Cohen Kappa Score (CKS)

The Cohen’s Kappa score is a statistic that measures the level of agreement between two annotators on a categorical classification problem. It is a measure of inter-annotator reliability that is often used in medical diagnoses, quality control, and content analysis.

The Kappa score is calculated as the ratio of the observed agreement between two annotators to the agreement that would be expected by chance. The observed agreement is the number of instances that are classified the same way by both annotators, and the expected agreement is the number of instances that are classified the same way by chance, given the individual annotator’s classifications.

The formula for the Cohen’s Kappa score is as follows .. math:

k = (observed agreement - expected agreement) / (1 - expected agreement)

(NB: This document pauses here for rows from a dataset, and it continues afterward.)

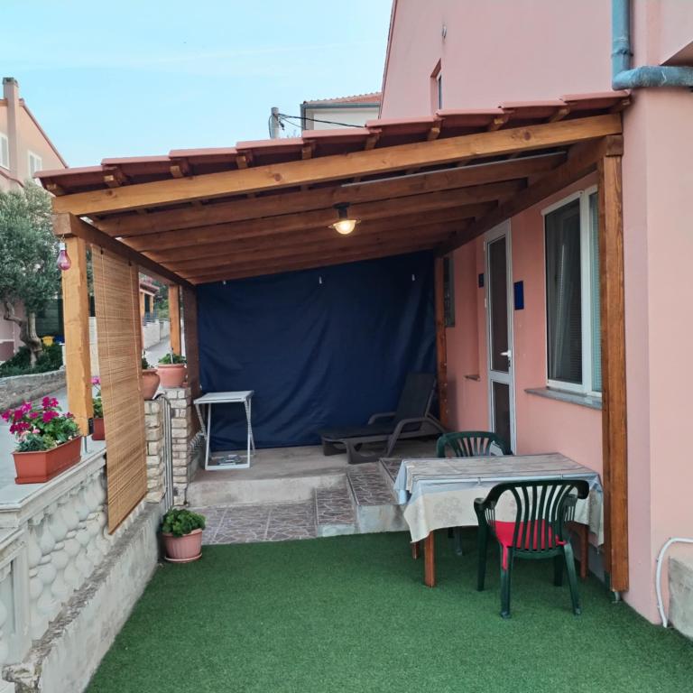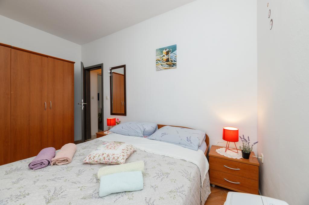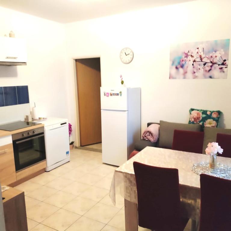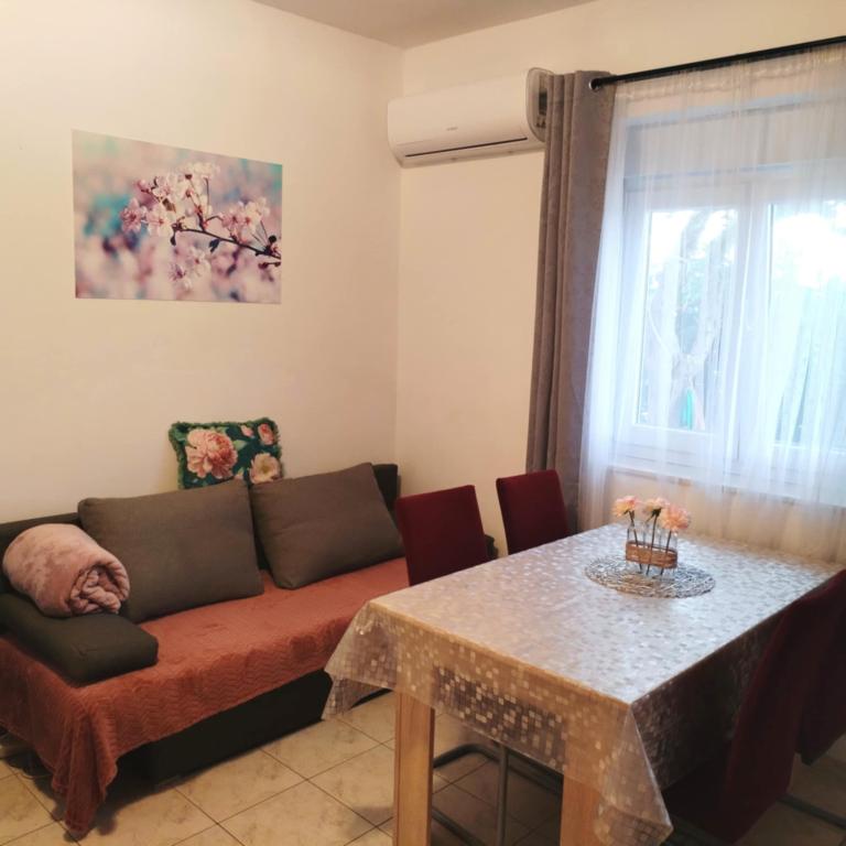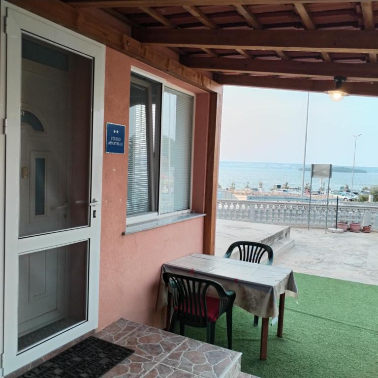 Jednosoban apartman u Tkonu na otoku Pašmanu, 20 m od pješčane plaže i 50 m od centra Tkona, nalazi se u prizemlju. Ima sobu sa bračnim ležajem za dvije osobe i kauč u boravku za dvije osobe. Kupatilo sa tuš kabinom, perilica rublja, kuhinja sa pećnicom i perilicom za suđe. Apartman je kompletno opremljen, ima tv, internet, klima, parking, grill. Ima terasa sa pogledom na more. U blizini apartmana se nalaze svi potrebni sadržaji, trgovine, restorani, konobe, caffe barovi, pekara, slastičarnica, mesnica, ljekarna, ambulanta. U Tkonu gosti mogu uživati na brojnim pješčanim plažama u uvalama, vožnjom bicikla po biciklističkim stazama duž otoka, u različitim događanjima i feštama tijekom ljeta i organiziranim brodom iz Tkona posjetiti obližnji nacionalni park Kornati. Također mogu posjetiti i park prirode Vransko jezero.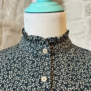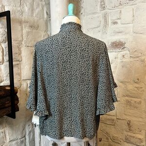 Beautiful, high neck, ruffle blouse. Discernment is lightweight and has fully functional buttons down the front. It also features a large batwing sleeves with ruffles on the edges.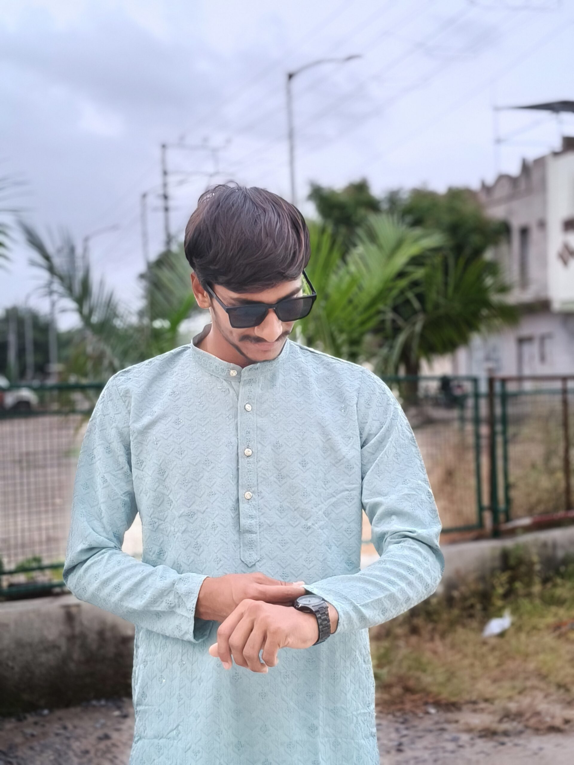 Step into timeless elegance with this pista green cotton printed kurta for men. Crafted from high-quality cotton fabric, it ensures maximum comfort and breathability, keeping you stylish all day long. The subtle woven print and pastel pista shade make it a perfect choice for traditional as well as semi-casual occasions.

where observed agreement is the proportion of items that are classified the same way by both annotators, and expected agreement is theproportion of items that are classified the same way by chance.

\[ \begin{align}\begin{aligned}$\kappa = \frac{p_o - p_e}{1 - p_e}$\\where\\$p_o = \frac{tp + tn}{tp + tn + fp + fn}$\\$p_e = \frac{(tp + fp) \cdot (tp + fn) + (tn + fn) \cdot (tn + fp)}{(tp + tn + fp + fn)^2}$\\$tp$ represents the number of true positive annotations (agreements between the two annotators)\\$tn$ represents the number of true negative annotations (agreements between the two annotators)\\$fp$ represents the number of false positive annotations (disagreements between the two annotators)\\$fn$ represents the number of false negative annotations (disagreements between the two annotators)\\$p_o$ represents the observed agreement, and $p_e$ represents the expected agreement based on chance.\end{aligned}\end{align} \]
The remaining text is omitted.